Наиболее близкими и частыми наши встречи были в первые четыре года: мы перезванивались, переписывались, и чем дольше продолжалась наша дружба, тем больше меня тянуло к этой необыкновенной женщине.

Я постоянно стремилась увидеться с ней, поговорить, получить совет. Я встречала у нее многих людей, которые тоже нуждались в ней.
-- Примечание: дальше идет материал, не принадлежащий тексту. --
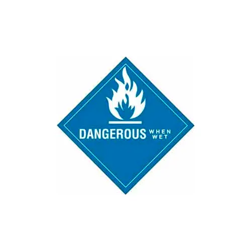 "Dangerous When Wet" Hazard Class 4 Labels, 4"L x 4"W, White & Blue, Roll of 500
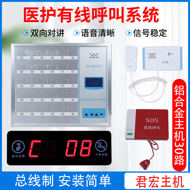 可出方案量大价优!君宏医院养老院医护有线对讲呼叫器对讲机50路
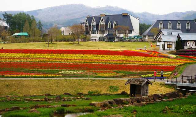 ![]() 牧歌の里のチューリップ畑を道路から眺める |
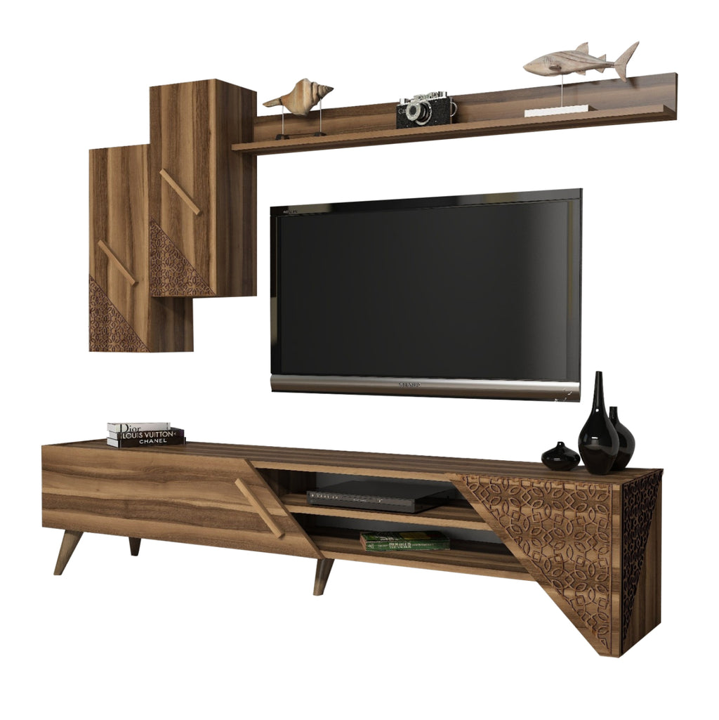 ΜΜ9514.02 е модерен и функционален телевизор, който ще разкраси вашия хол! Състои се от основна подова мебел, която от едната страна има отворено място за съхранение с рафт и е украсена с машинно изработени шарки (CNC релеф), а от другата страна има шкаф с дълга тясна дръжка. Композицията е завършена с 2 стенни шкафа в еднаква естетика и дълга стена. Това е едно елегантно и същевременно впечатляващо предложение за вашия хол с доминиращ цвят ОРЕХ! РАЗМЕРИ: ОСНОВНО ОБЗАВЕЖДАНЕ: Дължина: 180см. Височина: 40см. Дълбочина: 37см. СТЕНЕН РАФТ: Дължина: 120см. Височина: 11,8 см. Дълбочина: 16,1см. СТЕННИ ШКАФОВЕ: Дължина: 26,4см. Височина: 63 см. Дълбочина: 22см. Дебелина на меламина: 18 мм. (1,8 см)-----CNC релеф: 4 мм КОНСТРУКТИВНИ МАТЕРИАЛИ: Цялата мебел е изработена от висококачествен меламин. Меламинът е вид дървесина под формата на ПДЧ. Като материал е много издръжлив и с голяма твърдост. Така че това е синтетичен материал с много твърда повърхност, което го прави много устойчив на драскотини, абразия и петна. Краката са изработени от подсилен полиетилен. ПОДДРЪЖКА: Меламинът се почиства много лесно от петна благодарение на твърдата си повърхност. Можете да избършете всички повърхности с влажна кърпа и това е достатъчно. За упорити петна можете да използвате мек почистващ препарат. ПРЕДИМСТВА: •Модерна и впечатляваща конструкция •Качествени материали •Големи размери •Възможност за фиксиране на стена за още по-голяма стабилност ПРОДУКТЪТ СЕ НАЛИЧЕН РЕЗМОНТИРАН ВЪВ ФАБРИЧНА ОПАКОВКА
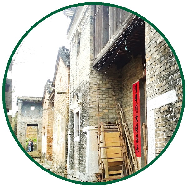 走进古村,只见村中间的20多幢明清古民居,连成一片。古民居飞檐翘角马头墙,木质花雕门窗,天井小院落,楹联诗对,古色古香。古民居各家各户前后门道路相连,出入方便,来去自如,漫步在纵横交错的青石板小道中,如进入迷宫。
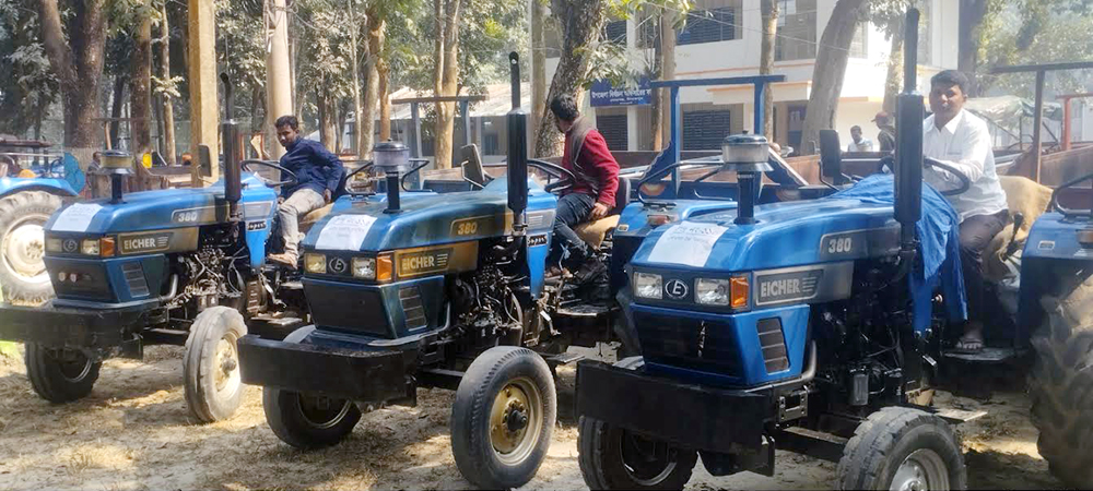 আজ বুধবার সকাল থেকে বোচাগঞ্জ উপজেলার নিবার্চন অফিসের সামনে ট্রাক্টর গুলো জড়ো করা হয়। ত্রয়োদশ জাতিয় নির্বাচনে ভোটকেন্দ্রে সরঞ্জাম সরবরাহের কাজে ব্যবহার হয় এসব যান। অন্য সময় এসব যান অবৈধ হলেও নির্বাচনের সময় তা কাজে লাগানো হচ্ছে বৈধ মনে করেই।
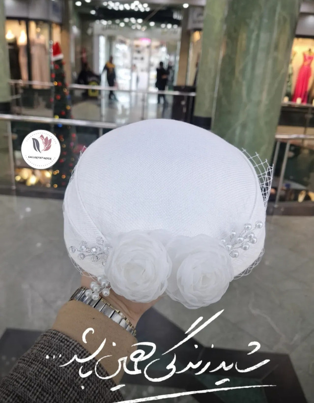 کلاه مجلسی عروس برژه وارداتی مدل النا دیزاین فاخر گل پیونی برجسته
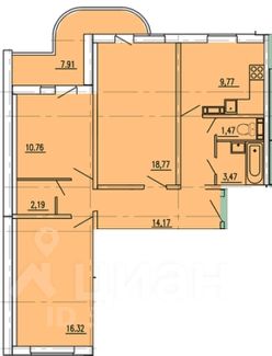 Площaдь — 76,9 м².
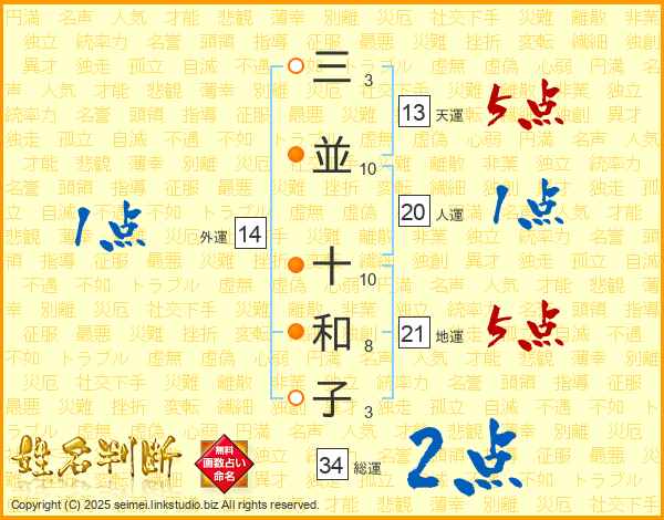 生活面を象徴する運勢です。外部から受ける影響力を表し、結婚運、家庭運や職場、環境への順応性を表します。総運から人運を引いた画数。姓や名が1文字の場合を除く。
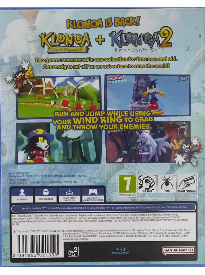 Sărbătorește a 25-a aniversare a unei serii iconice cu Klonoa Phantasy Reverie Series! Această colecție specială aduce împreună, într-un format remasterizat spectaculos, două titluri clasice care au definit genul: Klonoa: Door to Phantomile și Klonoa 2: Lunatea's Veil. Pregătește-te să pornești într-o călătorie emoționantă pentru a salva lumea viselor, alături de simpaticul erou Klonoa și "Inelul său de Vânt".
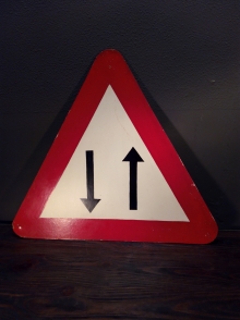 Antigo sinal proveniente do desmantelamento de escola de condução dos anos 60. Peça utilizada nas aulas de código. Produzido em tábua de madeira com pintura à mão. Excelente peça decorativa.
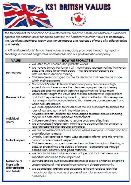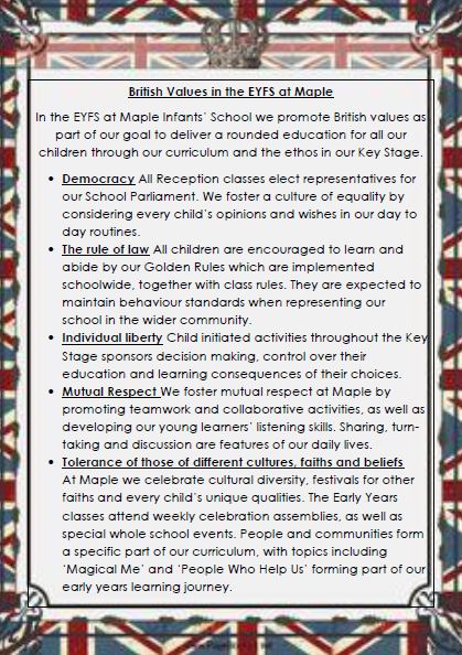At Maple Infants' School we take our responsibility very seriously, to prepare children for life in modern Britain. We ensure that the fundamental British values of democracy, rule of law, individual liberty, mutual respect and tolerance for those with different faiths and beliefs are actively promoted throughout our school.
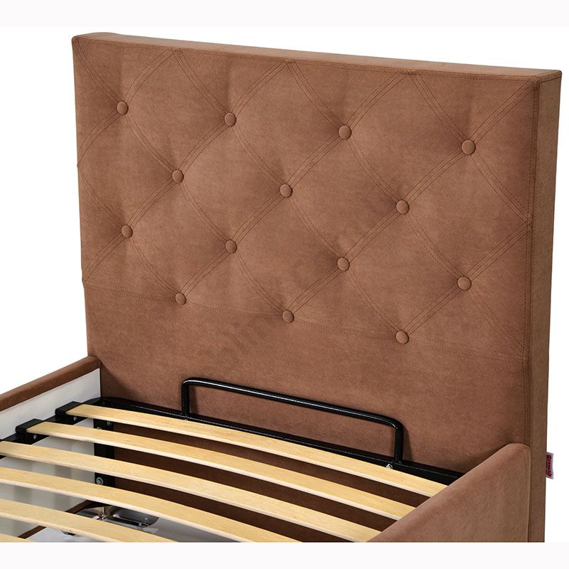Односпальне ліжко з узголів’ям простібаним ромбами з використанням декоративних гудзиків.
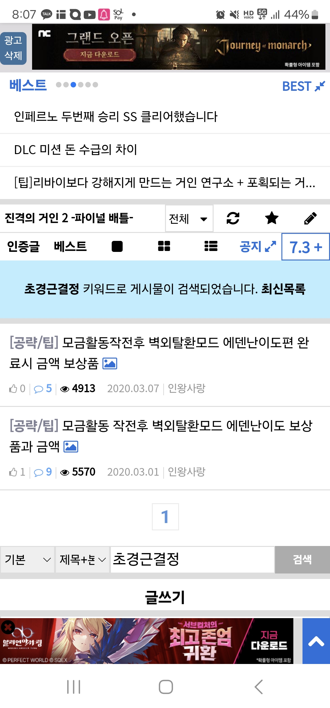 하단 제목+본문누르고 초경근결정 검색하면 글이뜨고 선택후 글에들어가면 있습니다
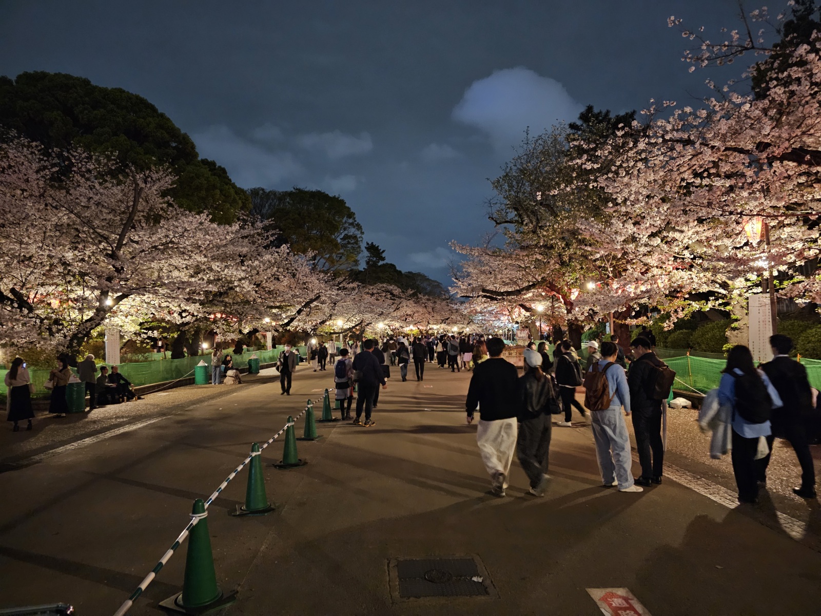 回到東京站,逛了一下地下的東京一番街,這時候家人覺得昨天沒看到夜櫻很可惜,於是回飯店拿行李前又跑去上野公園賭賭看,結果上野公園的燈籠也是八點就關,我們前腳剛到拍了幾張照,後腳燈就熄了,看來這次是跟夜櫻完全無緣。

Вера Александровна общалась так, что всегда казалось: ее собеседник находится в центре внимания, именно о нем она думает, по нему скучает, хочет его всегда видеть и обнять.

Нельзя сказать, что В. А. была внешне сильно привлекательна, напротив: ее глаза за сильными линзами казались поначалу подозрительными, сощуренными.

Крупные черты очень смуглого лица непроницаемы (грузинская кровь — говорила она), темные вьющиеся волосы со строгим прямым пробором, сколотые в небольшой пучок дополняли традиционный образ «училки». Она была рослая, «крепкой конституции» — как она говорила.

Главное, что ощущалось в ней, — это чувство собственного достоинства, а умный внимательный взгляд притягивал.

Когда она начинала говорить о своей любимой истории, хотелось слушать, слушать и слушать ее бесконечно. Какая память, какая великолепная русская речь, как интересно она трактует события — и уже становилось совершенно не важно, красива она или нет. Она была просто великолепна, неповторима!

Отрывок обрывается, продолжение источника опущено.